Personnel. As shown in Figure 14, personnel expense, the largest category of Key’s noninterest expense, decreased by $23 million, or 2%, from the first nine months of 2006. The decrease, which was attributable to the sale of the McDonald Investments branch network, was moderated by normal salary adjustments and higher stock-based compensation. The McDonald Investments branch network accounted for $20 million of Key’s personnel expense in the current year, compared to $88 million for the first nine months of 2006. For the third quarter of 2007, the average number of full-time equivalent employees was 18,567, compared to 18,888 for the second quarter of 2007 and 20,264 for the third quarter of 2006.

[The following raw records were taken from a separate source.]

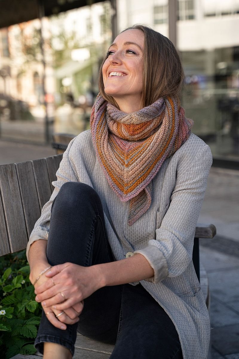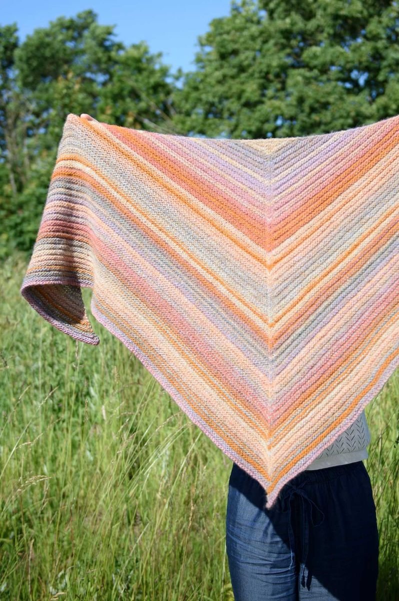 Virkelig let og luftigt sjal i et vidunderlig blødt og farverigt garn. Tagetes Sjalet får sin trekantede facon, da det strikkes fra midten og udad. Du starter derfor med ganske få masker på pinden og øger løbende maskeantallet på hver pind. Mønsteret med to pinde glat og to pinde glat vrang givet et flot og let voluminøst ribmønster. Mønsteret er nemt at gå til, hvilket også gør sjalet til et godt begynderprojekt.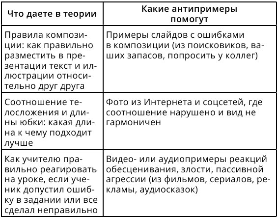 Ниже привожу схемы примеров и антипримеров для разных тем, чтобы вам было легче придумать свои. Левый столбик – тематика курса, а правый – какие примеры можно давать.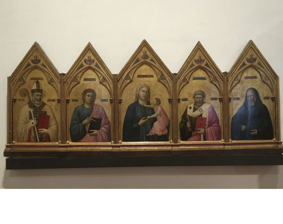 Altarretabel Giotto (ca. 1265-1337) Madonna mit Kind mit den Hll. Nikolaus, Johannes Evangelist, Petrus und Benedikt, 1295-1300 Uffizien, Florenz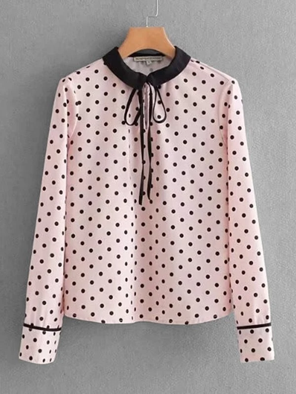Tie Neck Polka Dot Blouse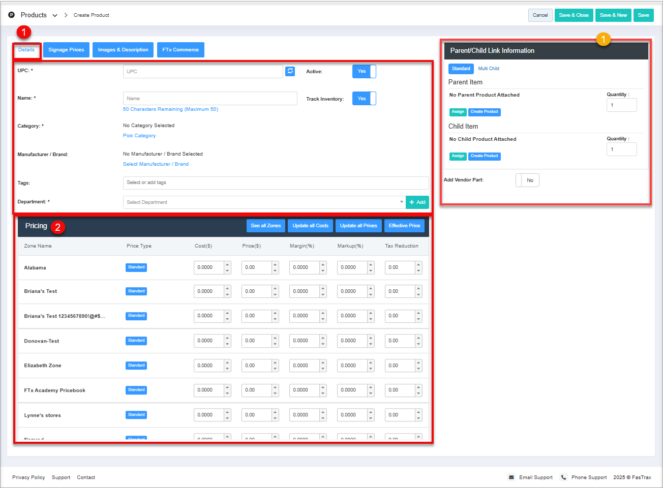 Refer to heading 1.1 Details above under Add Product and heading 2.1 Pricing below under Edit Product.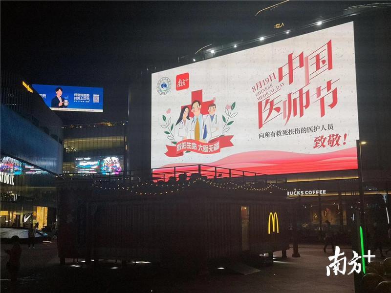这是一群可爱可敬的人,他们坚守岗位默默付出,他们争分夺秒挽救生命,他们挺身而出救死扶伤……为了向医师们致敬,感谢这群健康的守护者,南方+与东莞市卫生健康局联手制作的致敬海报,昨天亮起在东莞的各个街头,从海德广场、国贸城的显示大屏,到医院庆祝活动的现场,引发全城“表白”热潮。
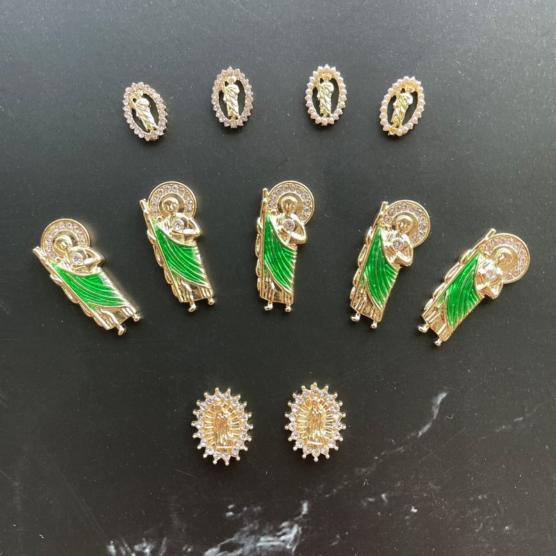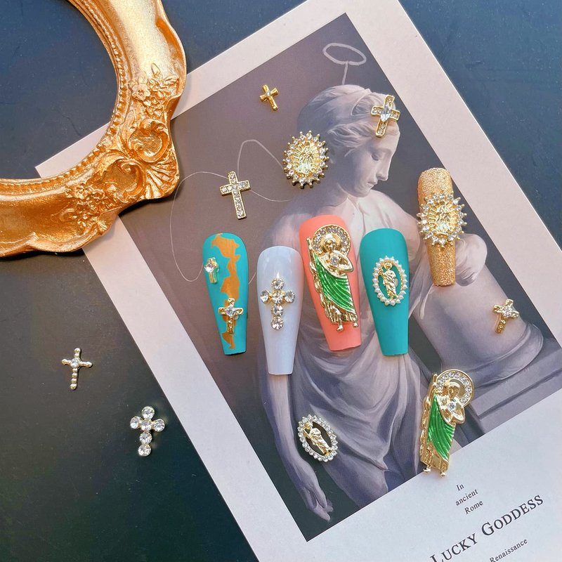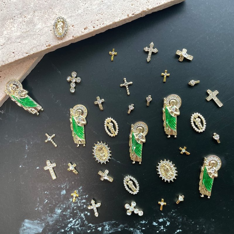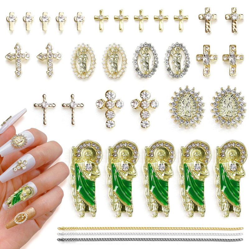 - 【Luxury Rhinestones Gold Nail Charms Set】11 Pcs 3D Nail Charms with san judas tadeo Virgin Mary shape, 22 Pcs cross nail charms, 3 Pcs versatile chains for your daily needs.exquisite and noble, make your nail to be charming.

Figure 14. Personnel Expense
                                                                 
    Three months ended                     Nine months ended        
    September 30,     Change     September 30,     Change  
dollars in millions   2007     2006     Amount     Percent     2007     2006     Amount     Percent  
 
Salaries
  $ 240     $ 240                 $ 721     $ 703     $ 18       2.6 %
Incentive compensation
    55       93     $ (38 )     (40.9 )%     212       268       (56 )     (20.9 )
Employee benefits
    67       67                   222       222              
Stock-based compensation a
    17       15       2       13.3       57       47       10       21.3  
Severance
    4       3       1       33.3       10       5       5       100.0  
 
Total personnel expense
  $ 383     $ 418     $ (35 )     (8.4 )%   $ 1,222     $ 1,245     $ (23 )     (1.8 )%
 
                                                   
 
 
(a)   Excludes directors’ stock-based compensation of $.4 million and $.3 million for the three-month periods ended September 30, 2007 and 2006, respectively, and $1.7 million and $.9 million for the nine-month periods ended September 30, 2007 and 2006, respectively. Directors’ stock-based compensation is included in the “miscellaneous expense” component shown in Figure 13.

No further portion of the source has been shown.